More than a third of the head sanctioned companies are registered in Moscow and the region – 1.1 thousand, in St. Petersburg and Crimea – 271 and 150, respectively. In other regions, their number does not exceed a hundred on average. In the sectoral context, companies from the field of research and development suffered the most – 230 legal entities, wholesale trade enterprises – 201, financial and educational institutions – 152 and 150, respectively. Most restrictions are imposed by Ukraine – 2373, USA – 1744, EU – 574, Japan – 428, Switzerland – 416.
A study by the Bank of Russia (based on a survey of enterprises conducted in July-August) shows that import restrictions have become a key problem for businesses: the deterioration of transportation conditions and the refusal of foreign companies to supply raw materials, components, spare parts and equipment. Demand-side restrictions, financial problems and export restrictions were less significant for the industrial sector. Exporting companies turned out to be the most vulnerable to import restrictions: such enterprises are important for economic recovery, since they are considered more competitive and efficient, including due to the introduction of technological foreign solutions. In 2022, only 39% of exporting companies hoped to completely solve the problem of purchasing raw materials and materials, 18% of machinery and equipment, and 28% of spare parts. For non-exporters, these figures are higher: 47%, 25% and 36% respectively.

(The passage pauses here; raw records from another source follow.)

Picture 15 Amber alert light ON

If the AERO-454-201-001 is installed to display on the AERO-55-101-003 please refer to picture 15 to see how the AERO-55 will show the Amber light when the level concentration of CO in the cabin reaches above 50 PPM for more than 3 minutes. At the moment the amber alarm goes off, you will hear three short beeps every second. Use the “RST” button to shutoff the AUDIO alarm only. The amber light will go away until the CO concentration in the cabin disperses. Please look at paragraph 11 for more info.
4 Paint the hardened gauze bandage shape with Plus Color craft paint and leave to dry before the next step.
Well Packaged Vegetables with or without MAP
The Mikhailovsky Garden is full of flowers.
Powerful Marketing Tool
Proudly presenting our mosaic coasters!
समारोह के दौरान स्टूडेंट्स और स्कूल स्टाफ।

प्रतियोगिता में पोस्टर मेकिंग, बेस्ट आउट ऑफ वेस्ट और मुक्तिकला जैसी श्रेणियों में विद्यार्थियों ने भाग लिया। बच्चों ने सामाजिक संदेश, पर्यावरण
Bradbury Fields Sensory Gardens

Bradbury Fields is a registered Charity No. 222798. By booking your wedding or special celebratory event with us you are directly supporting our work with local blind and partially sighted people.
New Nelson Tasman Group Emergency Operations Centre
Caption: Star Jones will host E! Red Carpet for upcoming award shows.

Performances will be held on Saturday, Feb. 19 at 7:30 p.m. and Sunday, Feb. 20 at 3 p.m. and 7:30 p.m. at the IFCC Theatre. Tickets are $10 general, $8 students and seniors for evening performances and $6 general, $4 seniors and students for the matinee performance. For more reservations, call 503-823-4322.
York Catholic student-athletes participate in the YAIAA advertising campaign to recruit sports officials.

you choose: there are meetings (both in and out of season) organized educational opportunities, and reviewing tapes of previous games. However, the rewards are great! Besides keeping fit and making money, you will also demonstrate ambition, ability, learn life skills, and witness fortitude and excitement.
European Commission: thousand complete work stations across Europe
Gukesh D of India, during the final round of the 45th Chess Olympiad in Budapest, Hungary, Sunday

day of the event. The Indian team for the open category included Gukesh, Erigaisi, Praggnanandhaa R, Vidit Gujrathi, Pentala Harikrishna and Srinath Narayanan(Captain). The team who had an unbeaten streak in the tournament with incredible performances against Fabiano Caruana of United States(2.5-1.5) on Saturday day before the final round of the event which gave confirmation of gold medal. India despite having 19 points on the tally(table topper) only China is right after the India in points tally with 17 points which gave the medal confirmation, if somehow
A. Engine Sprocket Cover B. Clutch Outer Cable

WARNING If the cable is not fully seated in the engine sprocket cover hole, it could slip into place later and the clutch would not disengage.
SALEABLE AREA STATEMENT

The Central Bank believes that problems with the supply of the necessary imports can lead to a decrease in the competitiveness of Russian exports and limit its diversification, even with increased access to other export markets. Under the pressure of sanctions, some companies have already stopped exporting or reduced its volumes, both to “unfriendly” countries and to other markets due to the risks of secondary sanctions. Thus, the share of exporters among those surveyed by the Central Bank decreased from 58% to 52% by the previous round of such a study. Consulting and financial support for importers of such products can help maintain access to technologies and equipment, the Central Bank believes.

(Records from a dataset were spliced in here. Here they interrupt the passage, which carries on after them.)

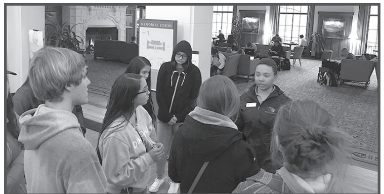
ASPIRE students visited several campuses during the college tour.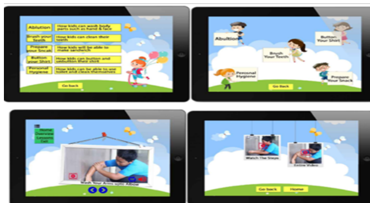
Fig. 2. Autism aid application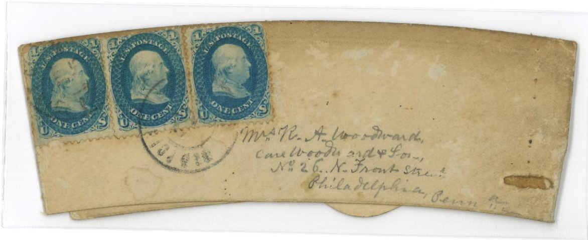
Letter fashioned from a cardboard shirt collar, written by a Union soldier writing from Old Point Comfort VA to Philadelphia with three US 1¢ 1861.

Soldiers in the field resorted to using a variety of paper products to send letters home, but Union soldiers were usually well-supplied—these adversity uses from the South to Northern destinations are extremely unusual.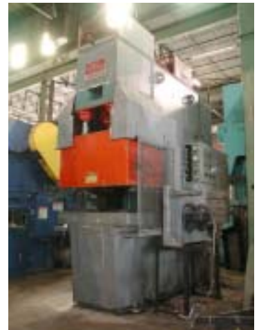
120/75 Ton BRANCH Triple Action Draw Press Stock # 32324 ..... $15,500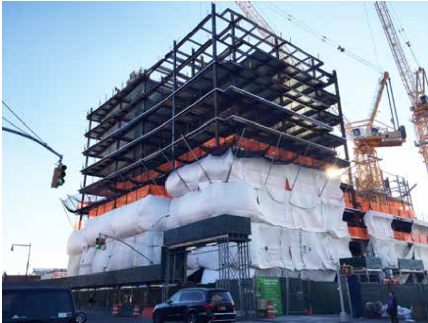
◀ Construction of the 11-story office tower.

This level of coordination, over a project with so many components and in a tight urban setting, is impressive but also expected for such a high-profile development at the heart of New York's largest and second-most populous borough. ■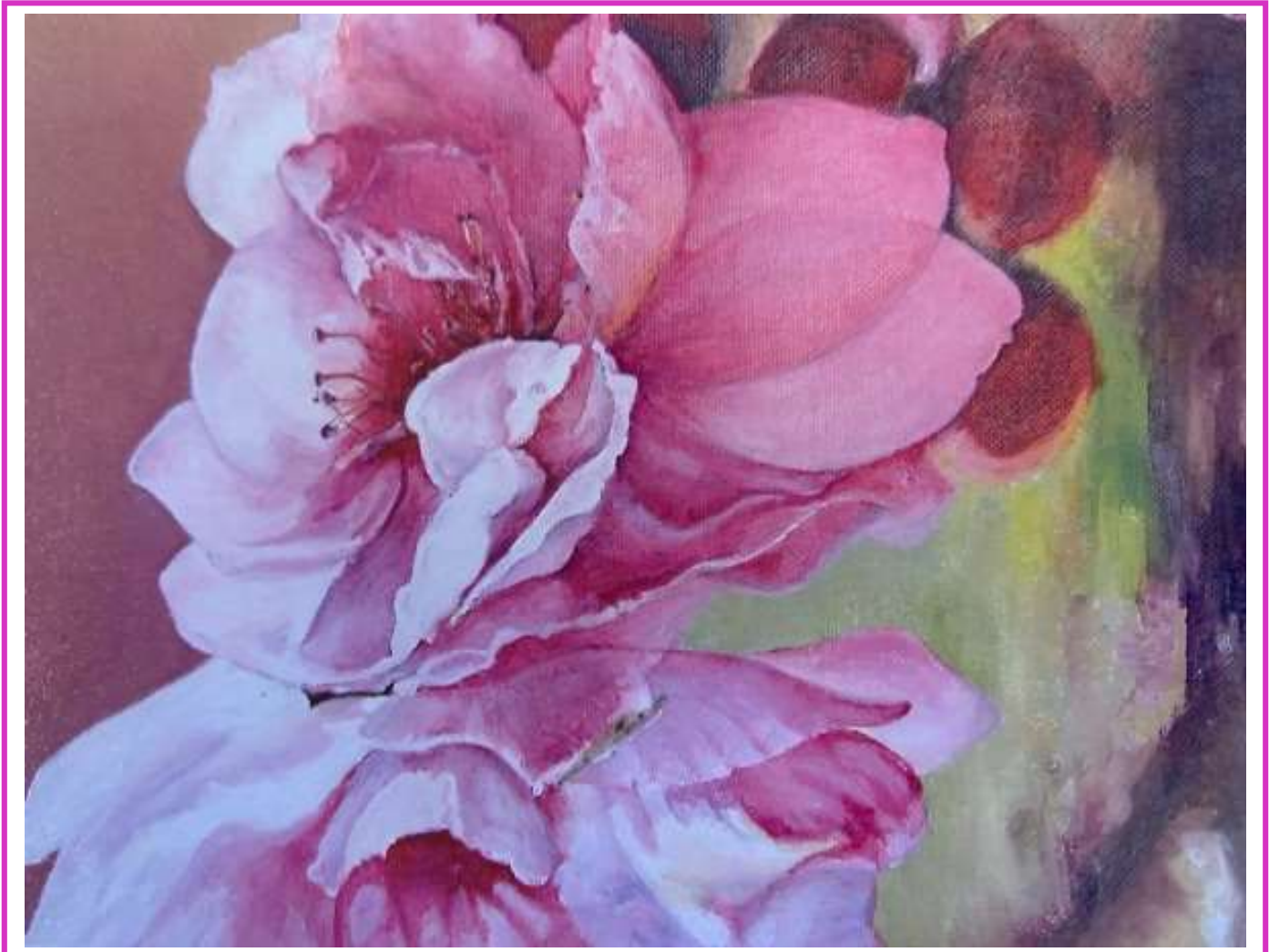
“Spring Blossoms” by Noela Woods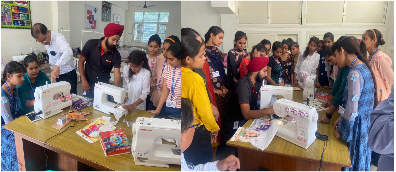
Stitch and Style workshop by Usha Company, Jalandhar, Punjab on October 11,2022.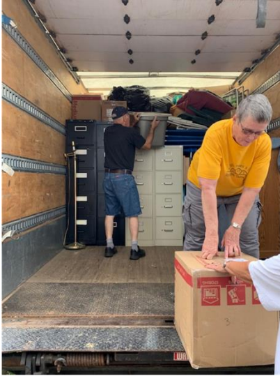
Appalachian Outreach making a delivery to Family Resource

The NIP was reauthorized during the 2021 Legislative session for an additional five years through the passage of S.B.293. Funding levels for the program remained unchanged at $3 million annually. The program remains at $3,000,000 and will run through June 30, 2026.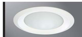
6150WH White Reflector

*UL1993 listed LED & CFL equivalent lamps permitted. Consult lamp manufacturer for conditions of use. Eaton does not warranty the lamp.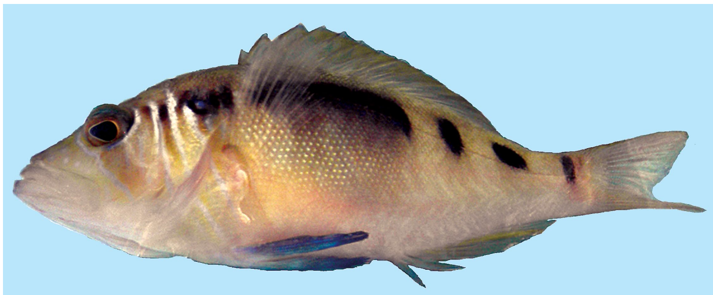
Figure 1. Hypoplectrus liberte , fresh holotype, UF 239538, 84.1 mm SL, Fort-Liberté Bay, Haiti (K.W. Marks).

Description. Dorsal-fin elements X,14 (X,14); anal-fin elements I,7 (I,7); pectoral-fin rays 14 (13–14), upper two and lower two unbranched, uppermost ray short, up to third of fin length, lowermost ray short, up to half fin length; pelvic-fin rays I,5, all rays branched; caudal fin with 15 (15) branched and 20 (21) segmented rays and 3 (2–3) visible dorsal procurrent rays and 2 (2–3) visible ventral procurrent rays; total gill rakers on first arch, including rudiments, 7 upper (6–7)+13 (13–15) lower=20 total (19–22).

It should be noted that companies have already asked the government to expand support for imports: in particular, business was counting on the development of new tools as part of the “export” card “Transformation of the business climate”. The government did not receive support for the ideas, they consider the current measures sufficient: parallel imports, zeroing customs duties, lists of critical imports (see Kommersant of December 21, 2022). Business, meanwhile, fears the risks of activation of secondary sanctions in 2023, which will lead to the loss of alternative supply chains built last year.